◆ **AIM OF THE EXERCISE**
Write out word for word each line of the records, beginning at the first and stopping after the line with "3r paso: Mezclamos". Leave the pictures out.

[Opening SUPPLIED INFORMATION section]

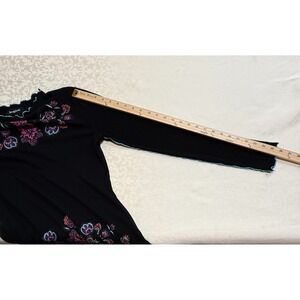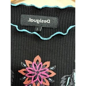 Desigual Black Ribbed Mock Neck Long Sleeve Floral Women's Top Size L Artsy
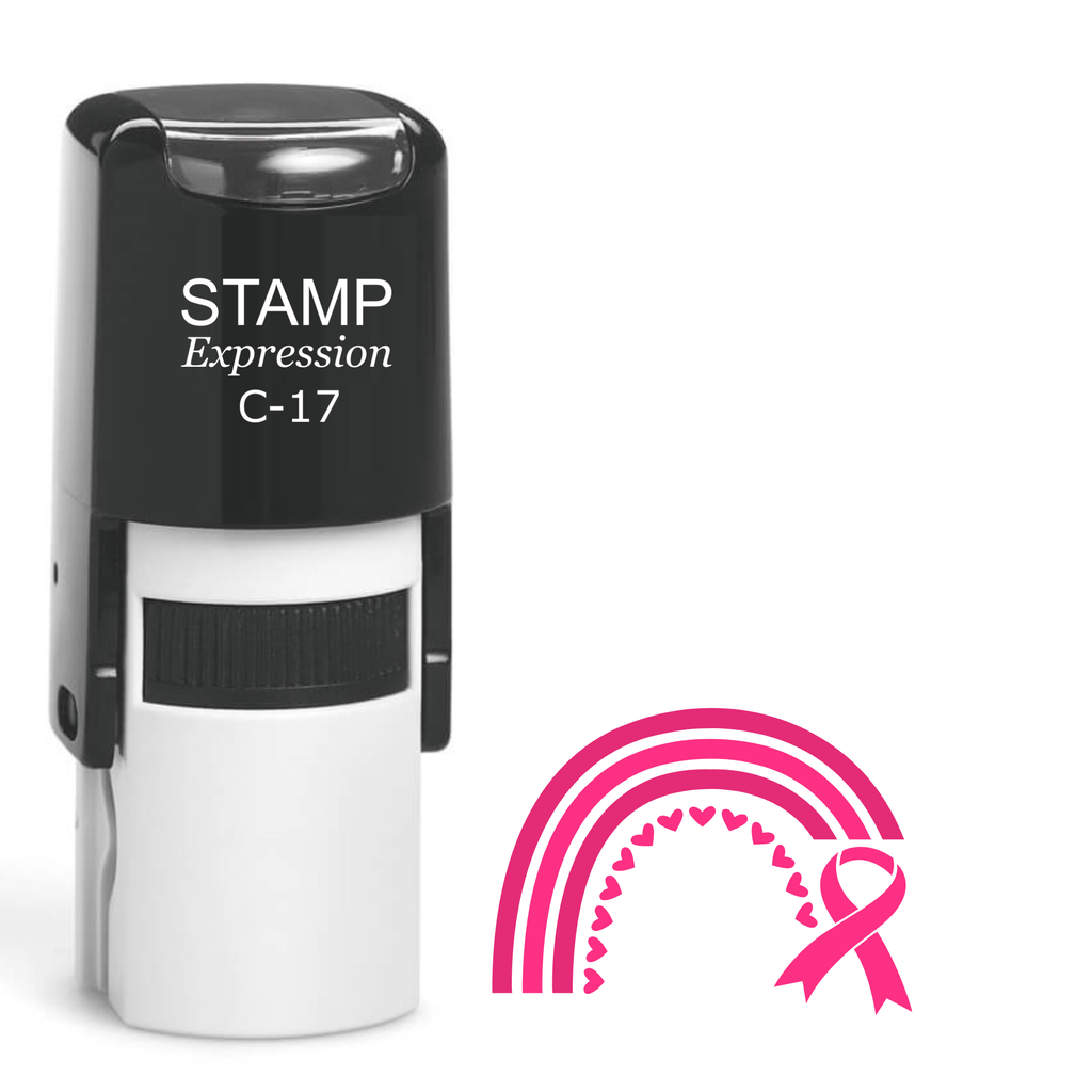 Pink rainbow with hearts and breast cancer ribbon Self Inking Rubber Stamp (SH-63728)
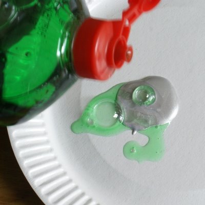 3r paso: Mezclamos la pintura metálica con el jabón (1 parte de detergente líquido y 2 partes de pintura)
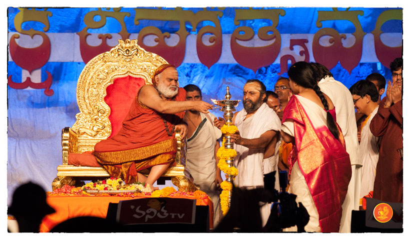 On November 26, the Jagadguru graced the Laksha Deepotsava festivities organized by Bhakthi TV. Tens of thousands of devotees took part in the function organized at the NTR stadium grounds. In his address, Swami Paripoornananda recounted his experiences with the Jagadguru stating that he sees Sri Adi Shankaracharya Himself in the Jagadguru. The Swamiji said that the Jagadguru is an inspiration for all Sadhakas as the Jagadguru is an embodiment of Vairagya.
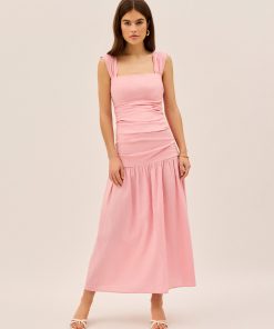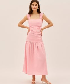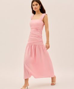 Understated elegance meets effortless cool. The Reese Dress is the definition of easy dressing with a fitted bodice that gathers in all the right places, a dropped waist for a relaxed yet polished silhouette, and a straight neckline that keeps things sleek.
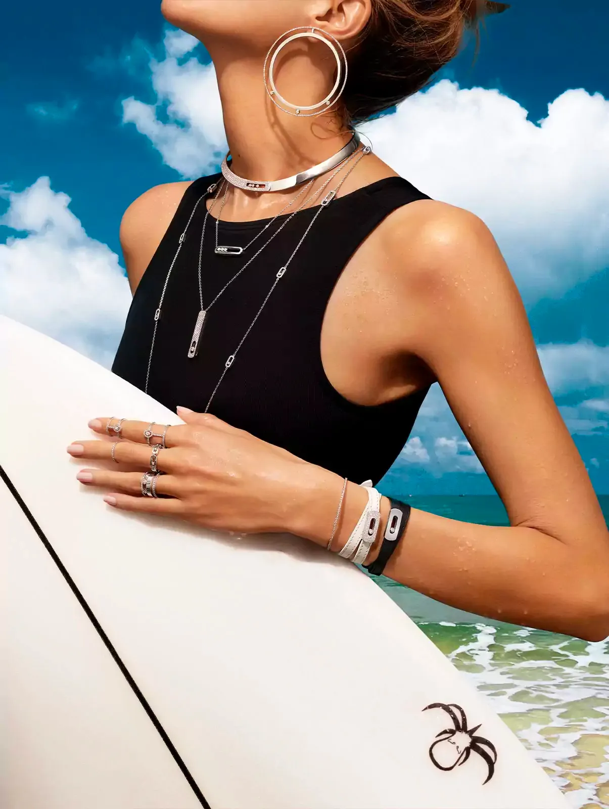 Украшения Messika – это отличный способ подчеркнуть ваш великолепный летний загар. Хотите выглядеть выразительно и стильно? Остановите свой выбор на оригинальном и эффектном украшении с бриллиантами. Почувствуйте вкус лета и насладитесь коллекциями современных, женственных и элегантных ювелирных творений Messika. Предлагаем вам несколько советов по выбору роскошных, наполненных сиянием и солнечным светом украшений, идеально подходящих для летнего гардероба и приковывающих внимание окружающих.
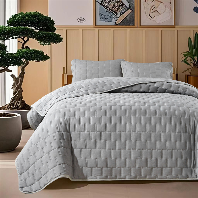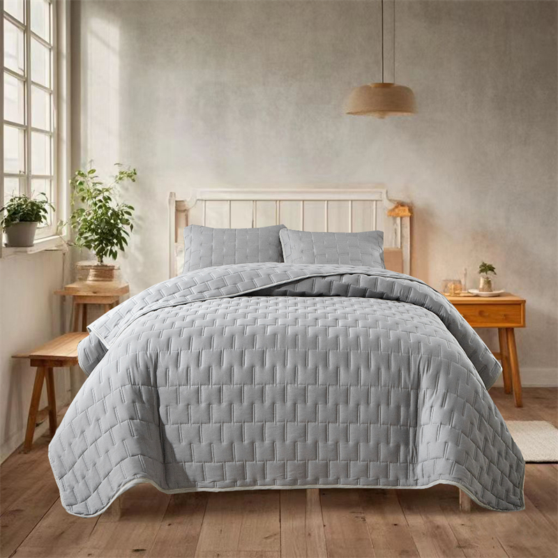 温宁2025新款 跨境外贸专供山字格床盖 银灰
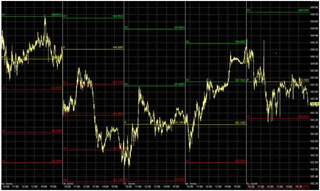 Đây là hình thức cơ bản nhất của việc sử dụng các điểm pivot. Để giúp bạn có thể giao dịch được nhiều hơn, các điểm trục có thể được sử dụng như một cơ sở để tính toán một số mức hỗ trợ và kháng cự. Sau đây là hình thể hiện các điểm Pivot hàng ngày được rút ra vào một biểu đồ giá trong ngày như đường màu vàng.
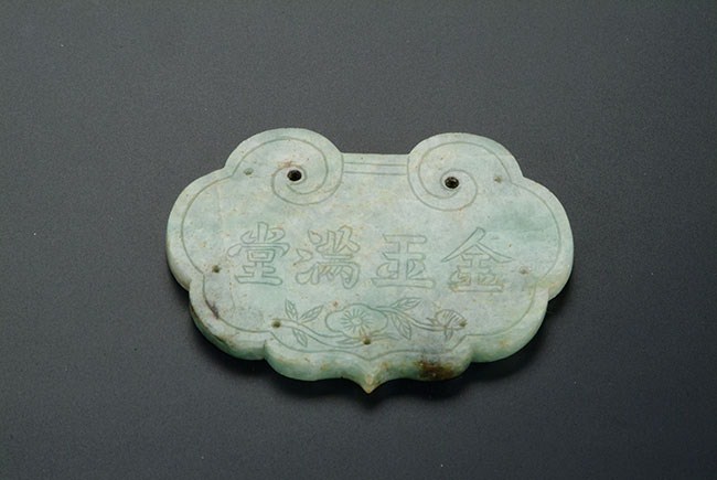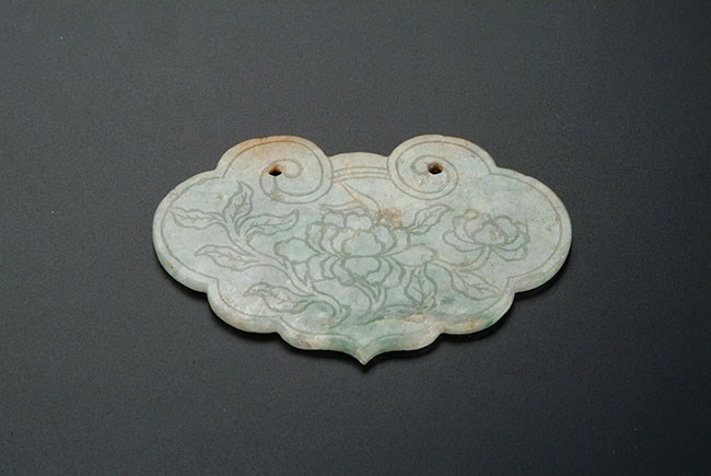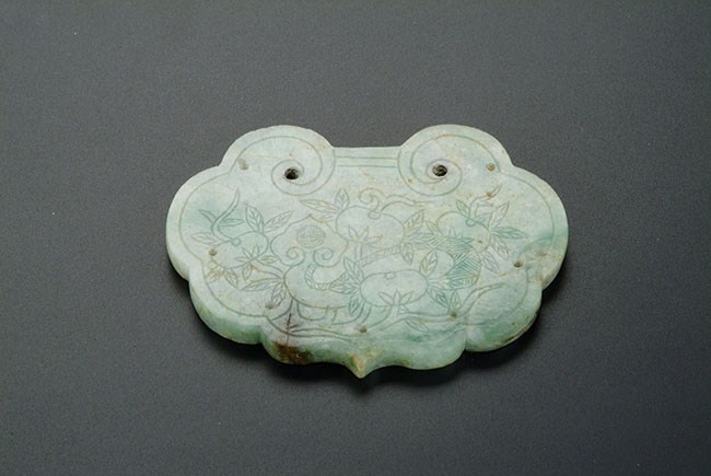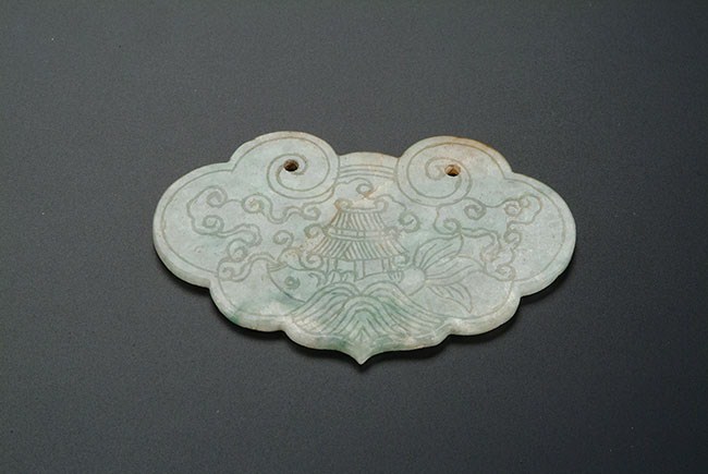 The decorated jade ornaments are in the shape of a cloud and are detailed with a house and garden scenes. Chinese characters are also engraved on one of the item. The smallest ornament is a belt hook that portrays a bat. L: 4 7/8 in (12.5 cm), H: 3 3/4 in (9.5 cm); L: 4 1/2 in (11.5 cm), H: 3 3/8 in (8.5 cm);L: 2 7/8 in (7.3 cm), H: 2 in (5 cm)
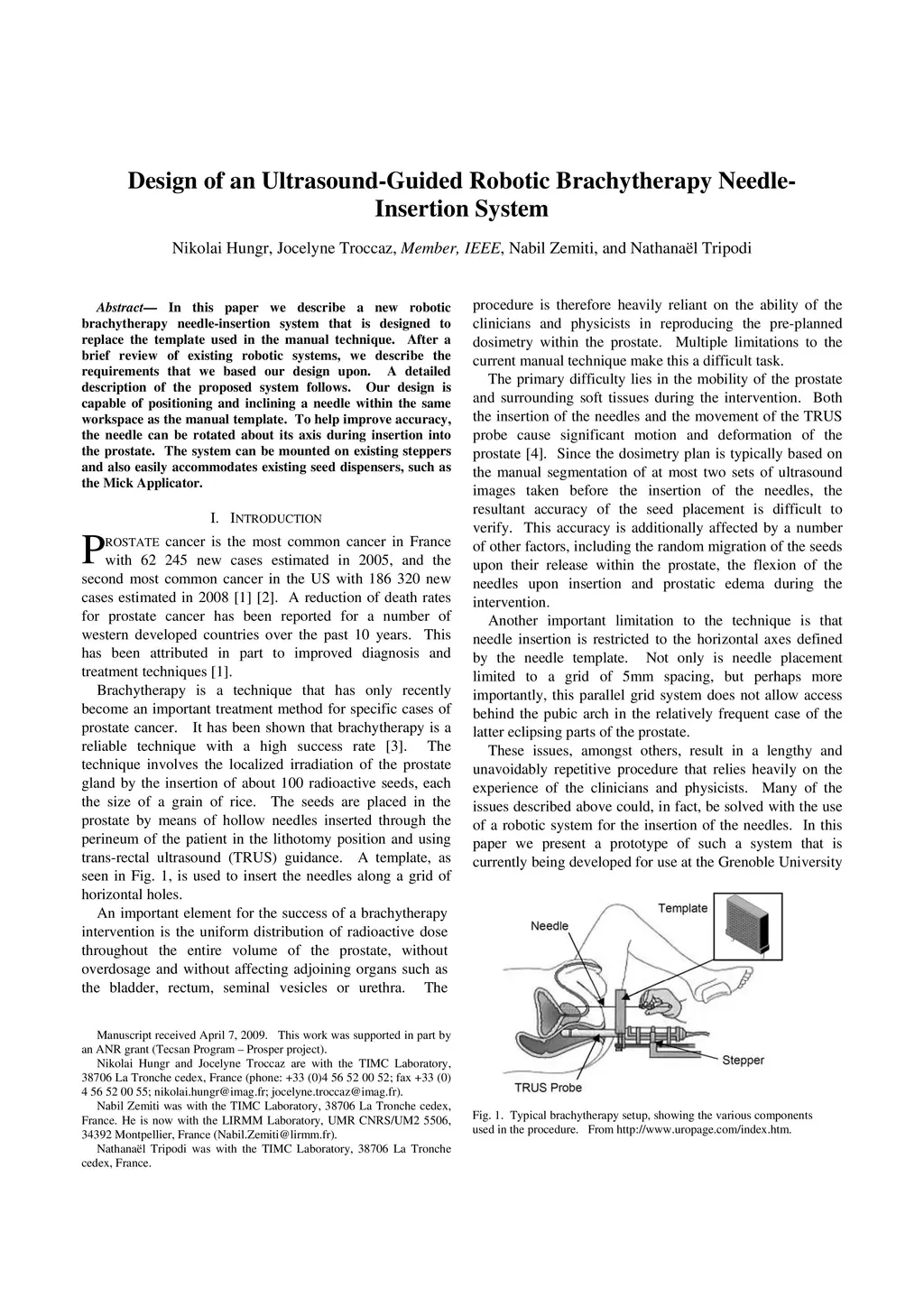 Design of an ultrasound-guided robotic brachytherapy needle insertion
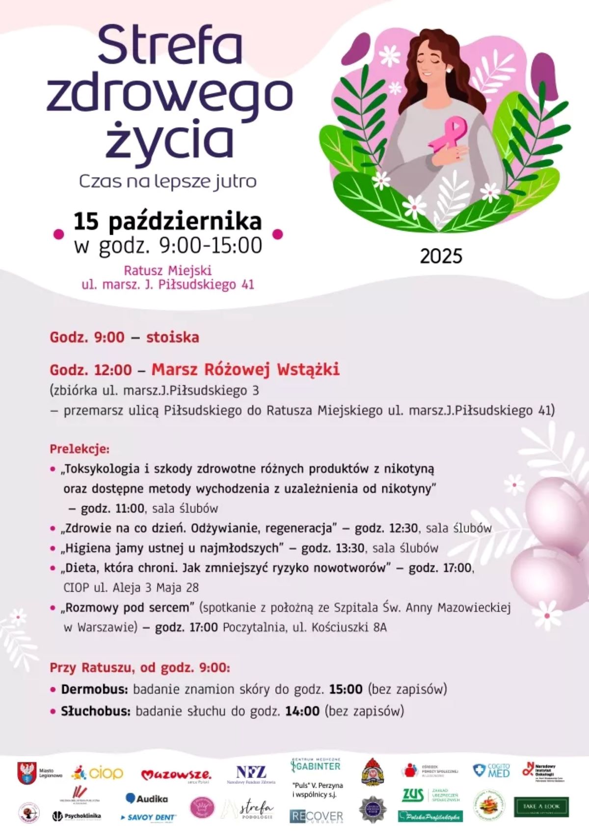 Oprócz 12. Marszu Różowej Wstążki, w środę, 15 października 2025 r. w godzinach pomiędzy 9, a 15 w gmachu miejscowego ratusza oraz w Poczytalni na dworcu na legionowianki i legionowian czekał będzie również jeszcze szereg innych wydarzeń powiązanych – najkrócej mówiąc – z profilaktyką nowotworową. Legionowianki mogły za darmo nauczyć się samobadania swoich piersi. Z kolei wszyscy mieszkańcy Legionowa za darmo mogli sprawdzić stężenie cukru w swojej krwi, zmierzyć sobie ciśnienie tętnicze, obliczyć swoje BMI, poprzez pomiar ich masy ciała oraz skorzystać z jeszcze innych darmowych konsultacji i porad. Wśród nich znajdą się konsultacje dietetyczne, psychodietetyczne, stomatologiczne, fizjoterapeutyczne i podologiczne, a eksperci z Narodowego Instytutu Onkologii będą udzielać porad dotyczących rzucenia palenia oraz mierzyć stężenia tlenku węgla w wydychanym powietrzu. Dzieci i młodzież będą mogły wziąć udział w przesiewowych badaniach wzroku oraz konsultacjach logopedycznych i integracji sensorycznej. Strażacy i policjanci zaprezentują warsztaty pierwszej pomocy. Dodatkowo, przed gmachem Urzędu Miasta (UM) w Legionowie staną dermobus, w którym będzie można wykonać darmowe badania znamion skórnych oraz słuchobus, w którym również za darmo będzie można sprawdzić swój słuch.
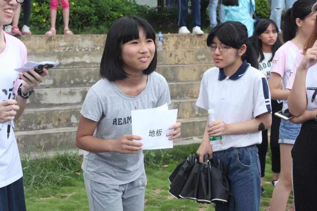 参加个人赛的学生们抱着“为班级争光”的集体荣誉感和“友谊第一,比赛第二”的体育精神,全身心地投入到比赛中,加上观众学生铺天盖地的呐喊助威,将整个趣味运动会的气氛推至高潮。首先是踩气球比赛,即踩爆系在对手脚踝上的气球,被踩爆气球的选手出局,直至场上只剩一人。经过激烈的联盟助攻、一对一角逐,4班的罗金凌反应迅速、身手敏捷、耐力充沛, 最终夺冠。紧接着是踢毽子。1班的江雪浩使出颠足球的功底,轻松便能够连续踢毽子,最终淘汰了其他选手。最后是转呼啦圈比赛。冠军是4班的杨千华。她不仅擅长用肚子,还能轻松地用小腿转呼啦圈,且持久力惊人,让在场的学生和大湾服务队的老师们看得目瞪口呆,拍案叫绝。
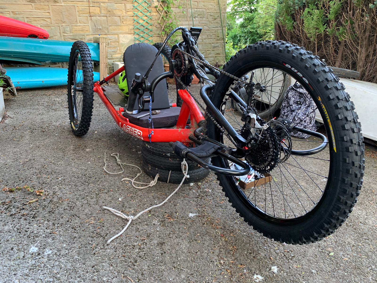 It’s a happy ending for Neil’s red handcycle as well. Rather than being relegated to the back of the shed behind the full sus, gathering dust and not being used, Neil sold the bike to a lad called Will who has made some pretty awesome changes to it!
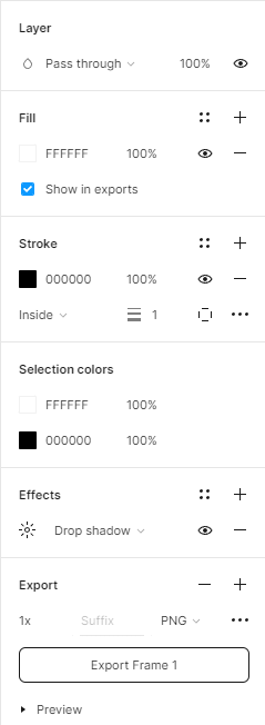 - Fill 면 색상/투명도/보기 유무
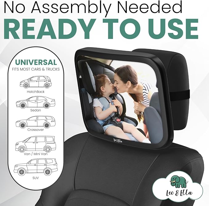Leo and Ella - Baby Car Mirror - Extra Large & Ultra Clear Infant View, Crash Tested Shatterproof Design w/ 360° Adjustable Mount, Premium Car Mirror For Baby
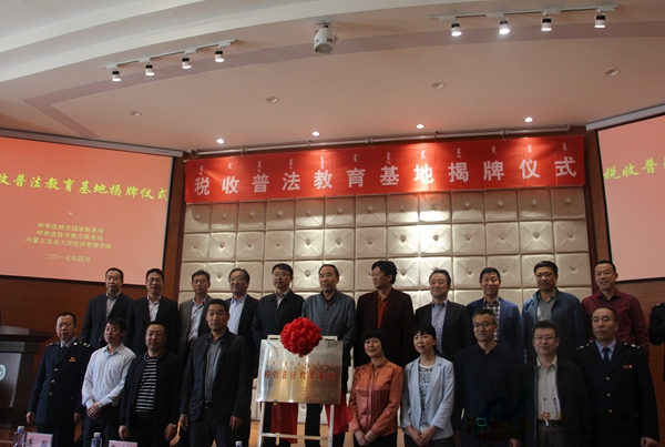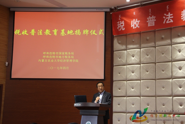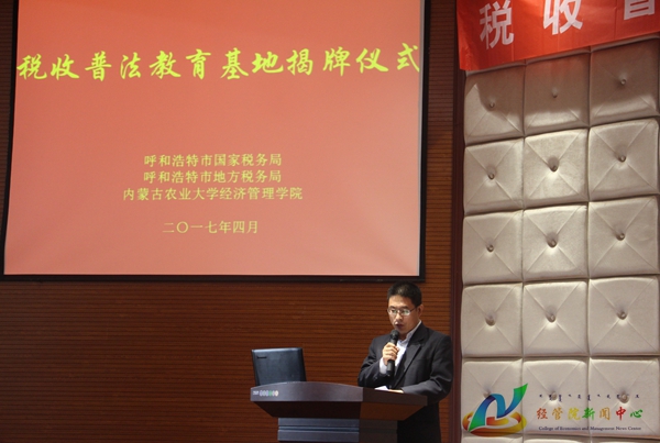仪式上,呼和浩特市国税局党组书记、局长连翰首先致辞,他指出我国大力支持高校毕业生积极创业,在税收税法宣传教育第七个五年规划中尤其提出要通过深入开展税收法制宣传教育,所以要大力发挥公司第一课堂的作用,唱响税收主旋律,传播税收法制理念,在全社会营造依法纳税的文明风尚。呼和浩特地税局党组书记、局长赵哲民表示深化国地税合作,搭建税收法制平台,具有深远意义,它通过公司与员工将税法普及到社会,开辟了普法教育新领地,开启了税法宣传新形势。公司党委书记赵国年表示公司是以本科教学为中心、以团队建设为龙头、以农林经济管理专业为特色、经济学和管理学两个学科门类共同发展、具有鲜明地区特色、学科特点和专业特长的自治区经济管理高级专业人才培养基地。指出公司始终以培养人才为中心,坚持第一课堂与第二课堂联动,此次税收普法基地的设立,搭建了税与校的桥梁,我们将以税收普法教育基地、税收讲堂为载体,充分利用国税局、地税局的专业力量,进一步加强税法有关知识建设,让同学们扎实掌握税收税法知识。他希望同学们以此次活动为契机,充分了解税收知识,牢固树立法律意识,利用自己专业知识为国家税收事业贡献绵薄之力。

[Closing SUPPLIED INFORMATION section]

◆ **RESPONSE AREA**
 Desigual Black Ribbed Mock Neck Long Sleeve Floral Women's Top Size L Artsy
 Pink rainbow with hearts and breast cancer ribbon Self Inking Rubber Stamp (SH-63728)
 3r paso: Mezclamos la pintura metálica con el jabón (1 parte de detergente líquido y 2 partes de pintura)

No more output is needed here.